> [What you are asked to do]: All that should come back is the lines of the data below from the one containing "クリックで大きくなります第38回 ほごいぬミーティング in" to the one containing "Justen Herme series", inclusive, exactly as they stand.

(Records from a collection)
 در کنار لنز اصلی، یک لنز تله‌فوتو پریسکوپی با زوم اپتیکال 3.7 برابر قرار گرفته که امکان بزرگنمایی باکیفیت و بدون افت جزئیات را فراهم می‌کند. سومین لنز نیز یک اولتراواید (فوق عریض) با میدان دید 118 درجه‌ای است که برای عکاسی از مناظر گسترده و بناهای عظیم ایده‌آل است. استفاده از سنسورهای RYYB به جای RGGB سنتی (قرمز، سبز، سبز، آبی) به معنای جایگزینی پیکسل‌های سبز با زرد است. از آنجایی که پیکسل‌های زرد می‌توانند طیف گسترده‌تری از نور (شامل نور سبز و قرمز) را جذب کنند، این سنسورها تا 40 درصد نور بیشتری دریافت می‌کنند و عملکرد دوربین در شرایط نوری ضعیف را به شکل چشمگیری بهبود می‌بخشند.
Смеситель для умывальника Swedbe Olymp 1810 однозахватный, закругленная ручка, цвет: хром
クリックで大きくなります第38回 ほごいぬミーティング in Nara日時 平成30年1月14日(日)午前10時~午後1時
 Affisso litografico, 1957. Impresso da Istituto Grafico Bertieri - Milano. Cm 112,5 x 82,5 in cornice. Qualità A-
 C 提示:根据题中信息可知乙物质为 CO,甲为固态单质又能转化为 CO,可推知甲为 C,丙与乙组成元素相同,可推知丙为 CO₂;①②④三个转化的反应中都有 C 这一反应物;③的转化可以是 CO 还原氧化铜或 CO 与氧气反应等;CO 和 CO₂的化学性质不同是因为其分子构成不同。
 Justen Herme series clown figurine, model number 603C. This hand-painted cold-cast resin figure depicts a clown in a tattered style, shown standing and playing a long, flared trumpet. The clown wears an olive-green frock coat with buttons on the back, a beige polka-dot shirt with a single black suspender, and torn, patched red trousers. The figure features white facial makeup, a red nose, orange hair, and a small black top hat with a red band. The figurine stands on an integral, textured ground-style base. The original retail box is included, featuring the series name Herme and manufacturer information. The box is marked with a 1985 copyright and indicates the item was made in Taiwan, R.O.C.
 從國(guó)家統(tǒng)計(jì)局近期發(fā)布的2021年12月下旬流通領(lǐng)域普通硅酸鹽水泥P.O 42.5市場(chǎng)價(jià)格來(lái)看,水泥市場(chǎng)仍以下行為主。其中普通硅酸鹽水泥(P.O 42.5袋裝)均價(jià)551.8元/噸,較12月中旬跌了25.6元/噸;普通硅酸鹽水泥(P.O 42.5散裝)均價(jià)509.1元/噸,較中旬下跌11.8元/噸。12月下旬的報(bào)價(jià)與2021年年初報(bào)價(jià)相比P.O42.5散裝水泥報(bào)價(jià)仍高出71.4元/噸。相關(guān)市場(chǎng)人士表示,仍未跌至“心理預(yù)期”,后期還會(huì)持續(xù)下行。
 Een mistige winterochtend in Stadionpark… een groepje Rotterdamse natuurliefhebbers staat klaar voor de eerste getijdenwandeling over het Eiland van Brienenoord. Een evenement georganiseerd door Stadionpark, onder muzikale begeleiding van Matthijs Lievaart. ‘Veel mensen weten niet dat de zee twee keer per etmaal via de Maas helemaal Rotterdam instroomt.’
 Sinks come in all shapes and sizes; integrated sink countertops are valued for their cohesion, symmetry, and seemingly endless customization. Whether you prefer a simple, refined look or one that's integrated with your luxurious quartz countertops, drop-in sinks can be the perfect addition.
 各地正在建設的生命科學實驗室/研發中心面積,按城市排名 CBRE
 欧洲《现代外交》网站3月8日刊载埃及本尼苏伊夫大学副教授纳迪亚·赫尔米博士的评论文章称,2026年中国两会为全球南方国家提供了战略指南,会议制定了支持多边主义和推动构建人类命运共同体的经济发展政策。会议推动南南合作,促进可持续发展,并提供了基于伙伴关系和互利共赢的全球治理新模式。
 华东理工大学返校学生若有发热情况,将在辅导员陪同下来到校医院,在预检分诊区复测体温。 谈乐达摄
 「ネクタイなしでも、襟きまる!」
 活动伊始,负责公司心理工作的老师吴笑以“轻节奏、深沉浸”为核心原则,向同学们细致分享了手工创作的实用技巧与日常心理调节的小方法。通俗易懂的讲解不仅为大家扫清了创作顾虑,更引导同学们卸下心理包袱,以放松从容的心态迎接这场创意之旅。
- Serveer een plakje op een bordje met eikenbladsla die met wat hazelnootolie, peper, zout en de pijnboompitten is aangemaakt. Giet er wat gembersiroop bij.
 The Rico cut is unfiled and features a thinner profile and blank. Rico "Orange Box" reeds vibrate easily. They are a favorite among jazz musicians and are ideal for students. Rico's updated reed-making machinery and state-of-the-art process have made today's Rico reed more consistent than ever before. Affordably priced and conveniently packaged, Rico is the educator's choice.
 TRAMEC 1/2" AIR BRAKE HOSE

> [Answer for the task]:
クリックで大きくなります第38回 ほごいぬミーティング in Nara日時 平成30年1月14日(日)午前10時~午後1時
 Affisso litografico, 1957. Impresso da Istituto Grafico Bertieri - Milano. Cm 112,5 x 82,5 in cornice. Qualità A-
 C 提示:根据题中信息可知乙物质为 CO,甲为固态单质又能转化为 CO,可推知甲为 C,丙与乙组成元素相同,可推知丙为 CO₂;①②④三个转化的反应中都有 C 这一反应物;③的转化可以是 CO 还原氧化铜或 CO 与氧气反应等;CO 和 CO₂的化学性质不同是因为其分子构成不同。
 Justen Herme series clown figurine, model number 603C. This hand-painted cold-cast resin figure depicts a clown in a tattered style, shown standing and playing a long, flared trumpet. The clown wears an olive-green frock coat with buttons on the back, a beige polka-dot shirt with a single black suspender, and torn, patched red trousers. The figure features white facial makeup, a red nose, orange hair, and a small black top hat with a red band. The figurine stands on an integral, textured ground-style base. The original retail box is included, featuring the series name Herme and manufacturer information. The box is marked with a 1985 copyright and indicates the item was made in Taiwan, R.O.C.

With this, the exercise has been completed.